Pengambilan air bawah tanah di Pulau Bali makin masif, terutama di wilayah-wilayah wisata pesisir. Air bawah tanah tersebut juga terus menurun kualitasnya karena ada intrusi air laut.
Oleh
AYU SULISTYOWATI
·3 menit baca
DENPASAR, KOMPAS — Pengambilan air bawah tanah di Pulau Bali makin masif, terutama di wilayah-wilayah wisata pesisir. Air bawah tanah tersebut juga terus menurun kualitasnya karena adanya intrusi air laut.
Bidang Energi Sumber Daya Mineral Dinas Tenaga Kerja dan ESDM Provinsi Bali memperkirakan air laut sudah memasuki air bawah tanah wilayah pesisir Bali bagian selatan. Setidaknya 20 persen dari 3.000 titik sudah terindikasi terintrusi air laut. Radius intrusi mencapai 500 meter mulai dari bibir pantai.
Perkiraan dari ESDM Bali itu bersesuaian dengan hasil penelitian Bali Water Protection (BWP) Project Research 2018. Penelitian tersebut menyimpulkan adanya potensi intrusi air laut yang kian meluas mencemari air bawah tanah. Intrusi bahkan tidak hanya terbatas di wilayah pesisir Bali bagian selatan.
”Tempat wisata di Pemuteran, daerah sekitar Bali barat laut, ini parah karena benar-benar air diambil dari air bawah tanah dan tidak ada substitusi dengan air dari PDAM. Kandungan kloridanya lumayan tinggi,” kata Manajer Proyek BWP Project Research 2018 Putu Bawa, Rabu (3/7/2019).
Tempat wisata di Pemuteran, daerah sekitar Bali barat laut, ini parah karena benar-benar air diambil dari air bawah tanah dan tidak ada substitusi dengan air dari PDAM. Kandungan kloridanya lumayan tinggi.
Berdasarkan penelitian BWP Project Research 2018 dari Yayasan IDEP Selaras Alam dan Politeknik Negeri Bali, ada indikasi intrusi air laut di 270 titik sampel air bawah tanah. Intrusi itu tersebar di Bali, Kabupaten Badung, Buleleng, Jembrana, Karangasem, dan Tabanan.
Putu Bawa menjelaskan, hipotesis awal intrusi masih kurang dari 1.000 meter (1 kilometer) dari bibir.
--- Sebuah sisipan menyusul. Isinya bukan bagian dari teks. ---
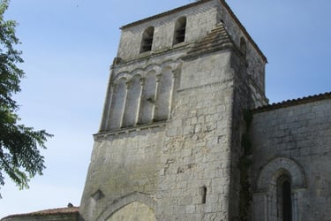 Naturellement, je passe la Charente sur ce fameux ouvrage. Je fais la conversation avec deux gamines qui vont également à Bordeaux. Parmi nous s’immisce l’inévitable bavard qui nous saoule avec ses explications sorties toutes fraîches de wikipedia .Puis, c’est la campagne toute fraîche qui monte et qui descend mais qu’importe. Dans un village appelé St Sulpice d’Arnoult, je fais le point devant une belle église château-fort.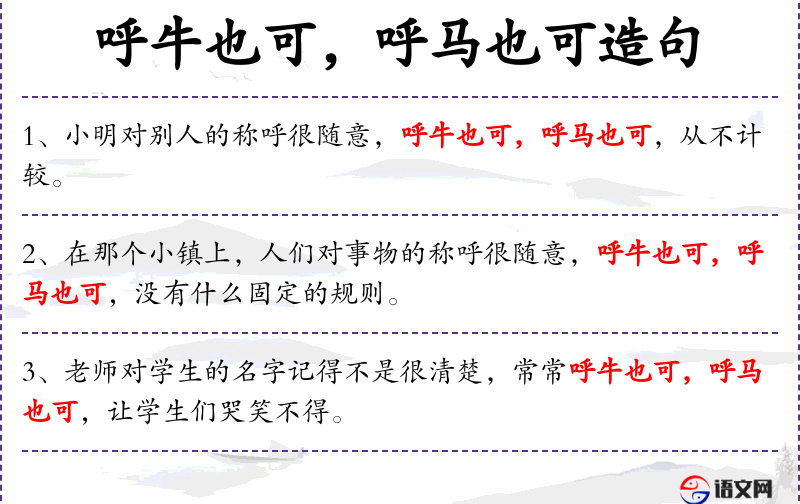 - 呼牛也可,呼马也可:并列结构,表示无论怎么称呼都可以接受。

Namun, lanjutnya, radius 108 meter-400 meter air laut sudah masuk di bawah tanah. Hal itu terjadi merata di seluruh pesisir Bali.
Ia menambahkan, meskipun jumlah data terbatas, hasil ini dapat memberikan gambaran betapa potensi intrusi air laut dapat meluas radiusnya jika pemerintah sebagai pemilik kebijakan membiarkannya. Pengeboran air bawah tanah, tegasnya, harus mendapat pengawasan yang benar.
Kepala Seksi Air Tanah Bidang ESDM Bali Ketut Ariantana membenarkan adanya indikasi intrusi air laut pada air bawah tanah di Bali. Intrusi ini terjadi terutama di daerah pariwisata, seperti Kuta dan Tanjung Benoa (Kabupaten Badung) serta Sanur (Kota Denpasar).
Ia menjelaskan, berdasarkan hasil analisis, air payau sudah ada di sepanjang pantai dari Sanur sampai Tanjung Benoa. Selanjutnya, Pantai Jimbaran, Kuta, Seminyak, dan Petitenget, serta pantai sepanjang Nusa Dua dan Sawangan.
”Rata-rata lokasi sumur sekitar maksimal 500 meter dari garis pantai, dengan kedalaman sumur di atas 20 meter. Secara litologi, lapisan batuan di pantai-pantai ini didominasi oleh batuan aluvial dan gamping yang lebih mudah terjadi intrusi. Prediksinya, ya, intrusi air laut ini sudah mencapai 20 persen dari jumlah izin,” ujarnya.
Data dari Bidang ESDM Bali tercatat pada 2016 ada perizinan air tanah sebanyak 1.270 buah. Tahun 2018 ada 2.795 perizinan air bawah tanah. Bidang ESDM Bali memperkirakan masih ratusan titik pengambilan air bawah tanah yang belum berizin.